I have a question I have a big text file that i'm currently reading, I want to have a list of the words in it and also find spesific pairs in it. 我有一个问题,我有一个我正在阅读的大文本文件,我希望有一个单词列表,并在其中找到特定对。

An example of my dataset is: 我的数据集的一个例子是:

A random text file . I am <pair-starter> first second <pair-ender> and it goes on and on,
and hopefully it ends .

Now I read the file with streams like 现在我用像流一样读取文件

List<String> words = Files.lines(Paths.get(filename), Charset.forName("UTF-8")).
                     .map(line -> line.split("[\\s]+"))
                     .flatMap(Arrays::stream)
                     .filter(this::filterPunctuation) //This removes the dot in example
                     .map(this::removePunctuation) //This removes the comma
                     //I think the method should be added here
                     .filter(this::removePairSpesifics) //To remove pair starter and ender
                     .collect(Collectors.toList());

Now with this code I can get the clean words I get a list that contains "A", "random", "text", "file", "I", "am", "first", "second", "and", "it", "goes", "on", "and", "on", "and", "hopefully", "it", "ends" But I also want to get a hashmap that holds the pairs in it and I wonder if it is possible with adding a new method on the stream above. 现在有了这段代码,我可以得到干净的单词,我得到的列表包含"A", "random", "text", "file", "I", "am", "first", "second", "and", "it", "goes", "on", "and", "on", "and", "hopefully", "it", "ends"但我也希望得到一个哈希映射,用于保存对它,我想知道是否可以在上面的流上添加一个新方法。 Couldn't find anything close to what I want from google, thanks in advance. 从谷歌找不到任何我想要的东西,提前谢谢。

the method close to the one in my head is 接近我头脑中的方法是

private boolean pairStarted = false;
private String addToHashMap(String element){
    if previous element was pair starter
        pairStarted = true;
    else if pairStarted and element is not pairEnder
        MyPreviouslyConstructedHashMap.put(the previous one, element);
    else if element is pairEnder
        pairStarted = false;
    return element; 
} //This function will not change anything from the list as it returns the elements
  //But it'll add the hashmap first-second pair

My current solution is: 我目前的解决方案是:

List<String> words = Files.lines(Paths.get(filename), Charset.forName("UTF-8")).
                     .map(line -> line.split("[\\s]+"))
                     .flatMap(Arrays::stream)
                     .filter(this::filterPunctuation)
                     .map(this::removePunctuation)
                     .collect(Collectors.toList()); //Now not using removePairSpesifics 
//as I need to check for them.
for(int i=words.size()-1; i>=0; i--) {
    if(words.get(i).equals("<pair-ender>")){ //checking from end to modify in the loop
        pairs.put(words.get(i-2), words.get(i-1));
        i = i-4;
        words.remove(i+1);
        words.remove(i+4);
    }
}

What I want to learn is to learn if it can be solved in the same stream as I read the values into the list. 我想要学习的是学习它是否可以在我将值读入列表的同一个流中解决。
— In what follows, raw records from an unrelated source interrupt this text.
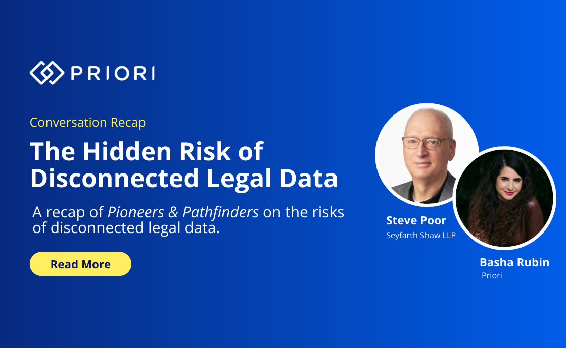 Priori CEO and Co-Founder Basha Rubin recently joined Steve Poor on the  Pioneers and Pathfinders podcast to discuss how legal departments are navigating AI, outside counsel governance, and the growing complexity of legal data. Below are our team’s key takeaways from the conversation.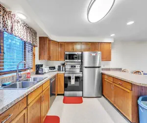 The home is equipped with air conditioning in the living room and master bedroom, ensuring a pleasant stay during warmer months. Guests can enjoy free internet service, a Jacuzzi tub for relaxation, and a brand-new gas grill, kitchen stove, and microwave for easy meal preparation. For entertainment, the townhome includes both a DVD and VHS player, perfect for cozy movie nights.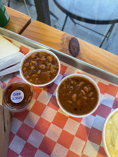 Read moreI took my family here after taking my son to the park. Itâs a small place with stool seating, Iâm not sure how long this place has been there but looks new. Had my 3 year old so seating wasnât the greatest for a child but he didnât fall or complain so itâs whatever. Haha. Staff was cool, ordering was easy. We ordered Mac and cheese Pork belly burnt ends (sauce on the side) Fries Hush puppies Pulled pork sandwich Brisket/pulled pork sandwich.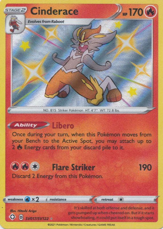Cinderace's Pokemon cards are available in at least 4 sets. Cinderace's biggest 7-day price movers are 2021 Sword & Shield: Shining Fates #SV017 Shiny Rare, 2025 Japanese Mega Brave #17/63 Holo, and 2025 Mega Evolution #028/132 Reverse Holo.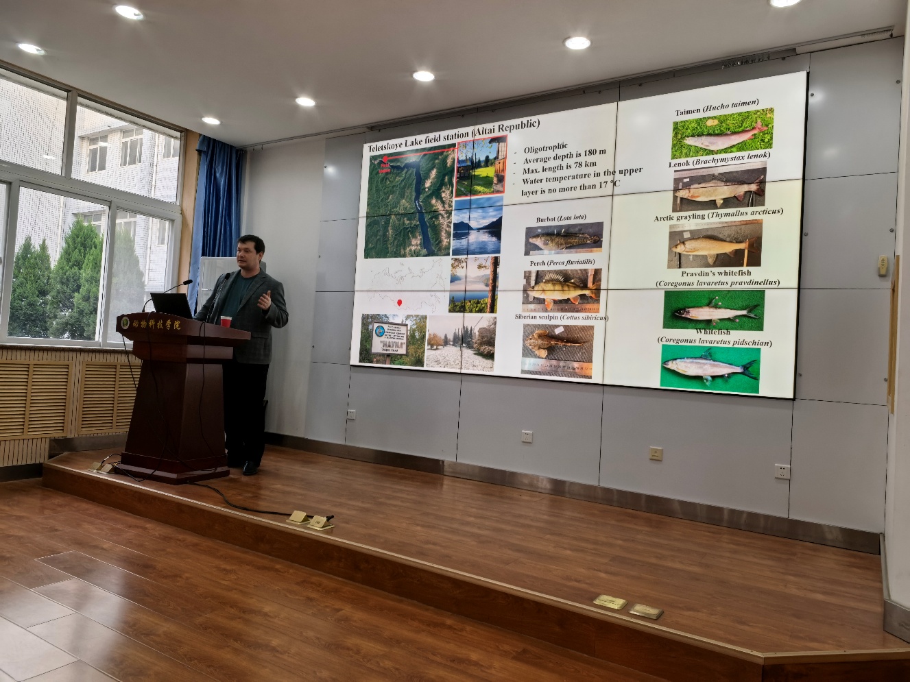Mikhail Solovyev研究员以《Inside fish gut: the key research areas and aims of our work》为题,为小黄书 师生带来了一场精彩的学术盛宴。报告中,他聚焦俄罗斯特有的冷水性鲑鳟鱼类,系统分享了其团队在该类群鱼类消化道酶活性、消化道寄生虫及肠道微生物组成等领域的最新研究成果。详实的数据、新颖的视角让在场师生深受启发,有效搭建了“不出校门即可参与国际学术对话”的优质平台。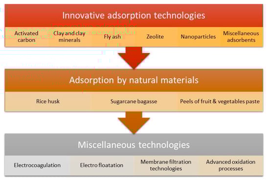 Several water treatment techniques are available based on water treatment techniques and their classification into traditional procedures, established techniques, and active research areas [94]. Each treatment technique has advantages and disadvantages in terms of cost, efficiency, practicality, and environmental effects. Figure 4 discusses the major inorganic toxicant removal technologies.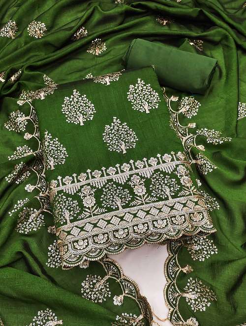 - Look ultra gorgeous in unstitched suits from Leeli Peeri Designer and grab these beautiful suits in green colour.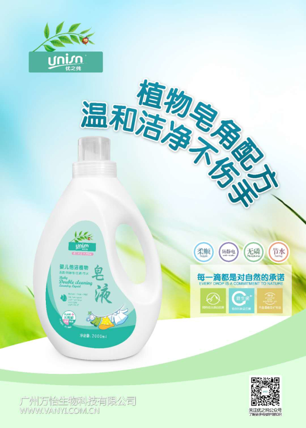 優之純嬰兒倍潔植物皂液 PH值接近中性,溫和清潔。快速清除奶漬、果漬等多種附著有害物質,泡沫細膩溫和,易沖洗。不添加熒光增白劑、漂白劑、磷等有害物質,洗后無殘留,安全無毒,可生物分解。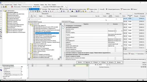 Окно печати в Комплексе А0: управление формами и экспорт смет в Excel
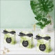 A black circle with a gold inner border layered over top with your personalised details inside.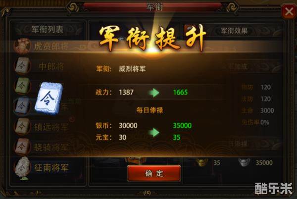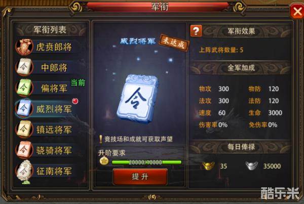 其次,军衔可以对全体武将提供各种属性的加成,增加战斗力评分;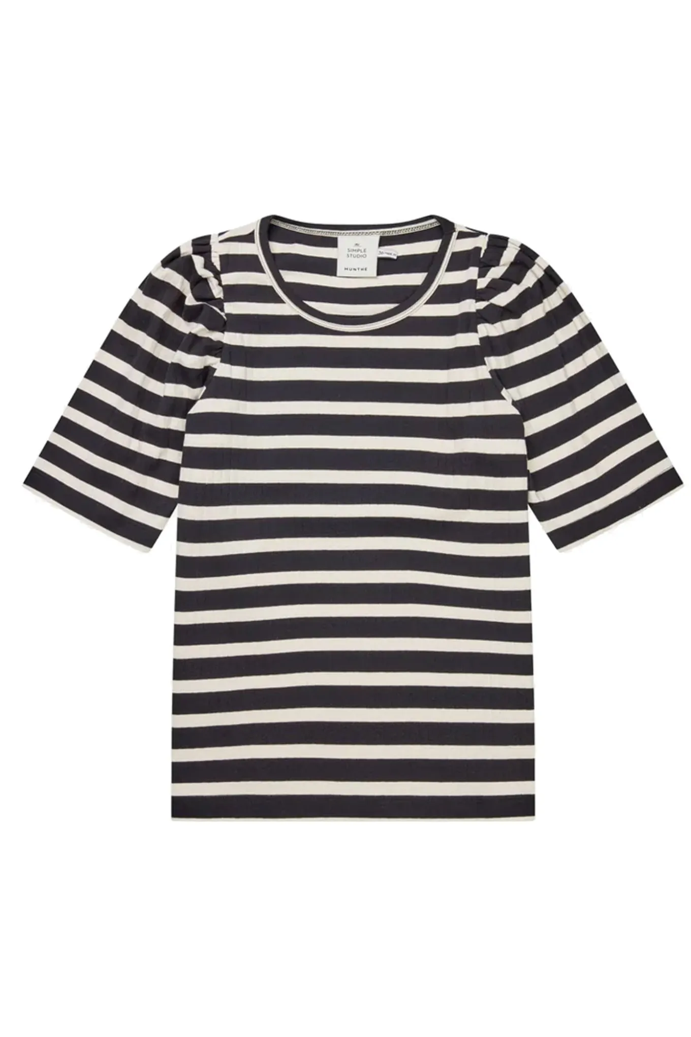 Med 100% økologisk bomuld og en elegant stribet sort farve er denne top fra Munthe et must-have i enhver garderobe. Perfekt til ethvert outfit.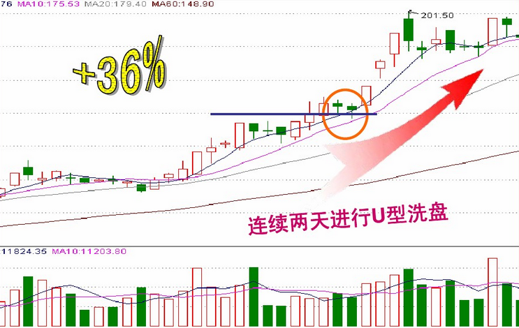 “U”型洗盘的重心大多向下,其主要目的是想洗出获利盘;拱形洗盘的重心大多向上,其主要目的是想洗出套牢盘——两者区别是:拱形洗盘往往在K线形态的颈线处,成交量放得较大;而“U”型洗盘则多为上升通道中,成交量不是很大。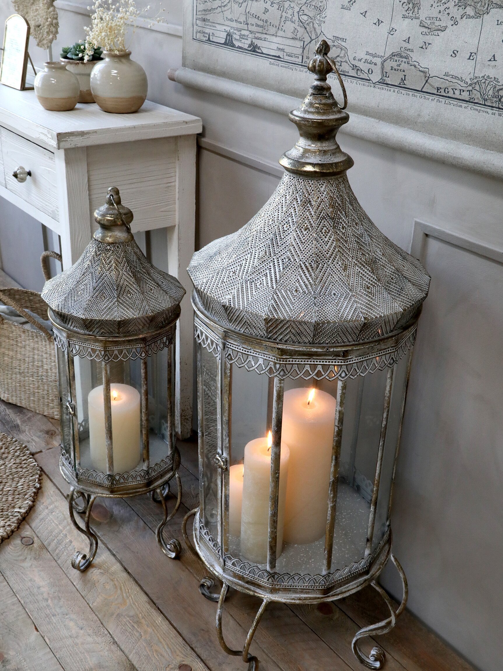 Bakom lanternorna syns en vitmålad konsolbord, vars enkla men charmiga design kompletterar inredningen väl. På bordet finns ett par keramikvaser i jordnära toner, fyllda med torkade blommor och en liten grön växt, vilka adderar en naturlig och levande touch till miljön. Den lågmälda färgpaletten med naturinspirerade inslag gör att lanternorna framträder som en central del av inredningen.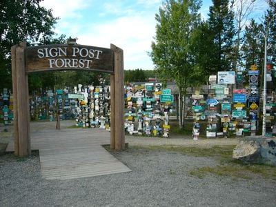 Sign Post Forest, Territorial historic roadside attraction in Watson Lake, Canada.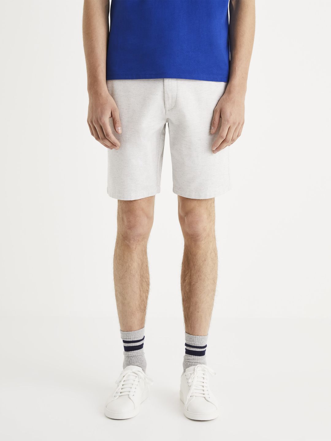 Kraťasy chino se směsi bavlny a lnu s elastanem. Pas se stahovací šňůrkou. Šikmé boční kapsy a kratší délka.

At first, I tried to separate the split into two splits, and it worked out quite well: 起初,我试图将拆分分成两个拆分,并且效果很好:

public void split(Stream<String> lines)
{
    Pattern pairFinder = Pattern.compile("<pair-starter|pair-ender>");
    Pattern spaceFinder = Pattern.compile("[\\s]+");

    Map<String, String> pairs = new HashMap<>();

    List<String> words = lines.flatMap(pairFinder::splitAsStream).flatMap(pairOrNoPair -> {
        if (pairOrNoPair.startsWith(">") && pairOrNoPair.endsWith("<"))
        {
            pairOrNoPair = pairOrNoPair.replaceAll("> +| +<", "");

            String[] pair = spaceFinder.split(pairOrNoPair);
            pairs.put(pair[0], pair[1]);
            return Arrays.stream(pair);
        }
        else
        {
            return spaceFinder.splitAsStream(pairOrNoPair.trim());
        }
    })
                              .filter(this::filterPunctuation) // This removes the dot in example
                              .map(this::removePunctuation) // This removes the comma
                              .collect(Collectors.toList());

    System.out.println(words);
    System.out.println(pairs);
}

// Output
// [A, random, text, file, I, am, first, second, and, it, goes, on, and, on, and, hopefully, it, ends]
// {first=second}

boolean filterPunctuation(String s)
{
    return !s.matches("[,.?!]");
}

String removePunctuation(String s)
{
    return s.replaceAll("[,.?!]", "");
}

What happens here? 这里发生了什么? First, we split the line into pairs and non-pairs. 首先,我们将线分为成对和非对。 For each of those, we check whether they are a pair. 对于每一个,我们检查它们是否是一对。 If so, we remove the markers and add the pair to the list. 如果是这样,我们删除标记并将其添加到列表中。 In any case, we split the chunk by spaces, flatten it, and procede word by word. 在任何情况下,我们用空格分割块,压平它,然后逐字逐句地进行处理。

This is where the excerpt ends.